In 2014, there were 1.4 million reported cases of chlamydia in the United States. While this bacterial infection can be easily treated with antibiotics, it often goes undiagnosed because many people show no symptoms. Untreated chlamydia can lead to pelvic inflammatory disease, which can leave scar tissue in the fallopian tubes or uterus and ultimately result in infertility.

The experimental vaccine was created by Canadian researchers who used pieces of the bacteria that causes chlamydia to form an antigen they called BD584. The hope was that the antigen could prompt the body’s immune system to fight the chlamydia bacteria if exposed to it.

Researchers gave BD584 to mice using a nasal spray, and then exposed them to chlamydia. The results were very promising. The mice who received the spray cleared the infection faster than the mice who did not. Moreover, the mice given the nasal spray were less likely to show symptoms of infection, such as bacterial shedding from the vagina or fluid blockages of the fallopian tubes.
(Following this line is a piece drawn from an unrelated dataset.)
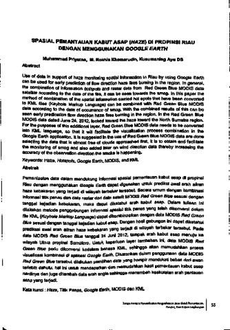 | Uncontrolled Keywords: | Haze, Titik Panas, Google Earth, MODIS dan KML |

There are many steps to go before this vaccine could become available. The researchers need to test it on other strains of the bacteria and in other animals before testing it in humans. And, of course, experience with the HPV vaccine shows that there’s work to be done to make sure people get vaccines that prevent STIs even after they’re invented. Nonetheless, a vaccine to prevent chlamydia would be a great victory in our ongoing fight against STIs and their health consequences, and we here at This Week in Sex are happy to end on a bit of a positive note.